Opinion
3:21-CV-6 DRL-MGG
06-29-2021
OPINION AND ORDER
Damon R. Leichty Judge
Hosey Whitmore, a prisoner without a lawyer, filed a complaint against Dental Director Willie Rucker, Regional Dental Director Dr. Pearcy, and Wexford of Indiana, LLC, because he was unhappy with the dental care he received while incarcerated at Indiana State Prison. ECF 1. “A document filed pro se is to be liberally construed, and a pro se complaint, however inartfully pleaded, must be held to less stringent standards than formal pleadings drafted by lawyers.” Erickson v. Pardus, 551 U.S. 89, 94 (2007) (quotation marks and citations omitted). Under 28 U.S.C. § 1915A, the court still must review the merits of a prisoner complaint and dismiss it if the action is frivolous or malicious, fails to state a claim upon which relief may be granted, or seeks monetary relief against an immune defendant.
Mr. Whitmore alleges that, on June 17, 2019, he sent a health care request form because he needed treatment for severe pain on the left side of his mouth. He saw Dr. Willie Rucker three days later. Dr. Rucker ordered an x-ray, and Mr. Whitmore was told that he needed to see a dental surgeon to have his tooth removed. Mr. Whitmore was placed on a waiting list to be seen by an outside provider. He was not provided with pain medication, and he was charged $5.00.
The Constitution does not require free medical care. Poole v. Isaacs, 703 F.3d 1024, 1027 (7th Cir. 2012). Mr. Whitmore does not allege that he was denied necessary care because he could not afford the $5.00 fee, so he cannot proceed on this claim.

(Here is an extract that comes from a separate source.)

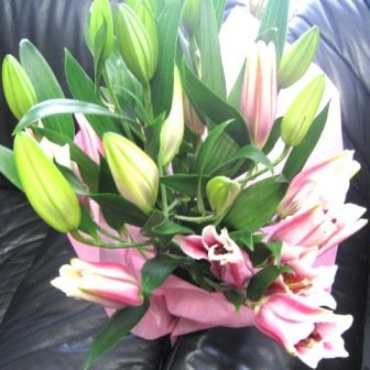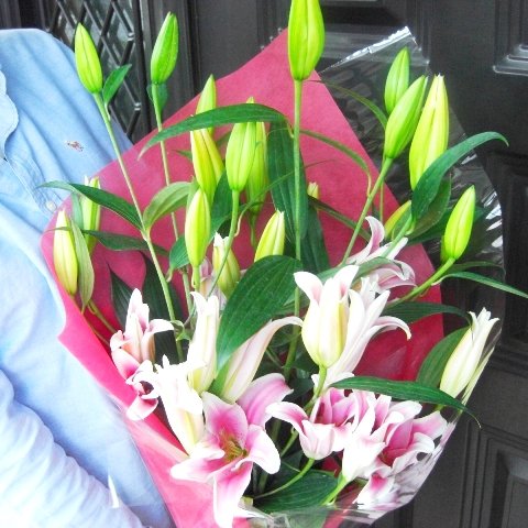 - ソルボンヌなどピンクのオリエンタル百合3本12輪以上の花束

Mr. Whitmore's pain fluctuated. It was always there, but at times it was excruciating. He also noticed that his gums were inflamed and dark around the tooth that needed to be removed. When Mr. Whitmore's tooth still had not been removed on October 30, 2019, he submitted another health care request form. Mr. Whitmore was seen by a dental assistant on October 7, 2019. She asked Dr. Rucker to look at Mr. Whitmore's tooth, and he prescribed an antibiotic and a ten-day supply of Tylenol. The medical records indicated that Mr. Whitmore had been denied oral surgery, but Dr. Rucker did not explain this to Mr. Whitmore at that appointment; he instead received a notice in the mail the next day. The request for oral surgery was denied by Dr. Pearcy through Wexford's Collegial Review process, a process designed to save money by limiting outpatient care and utilizing alternative treatments that are less expensive. Under this process, the treating physician must discuss the inmate's condition and alternative lower-cost treatments with the Regional Medial Director. The Regional Medical Director does not treat inmates, but frequently overrules the recommendations of treating physicians.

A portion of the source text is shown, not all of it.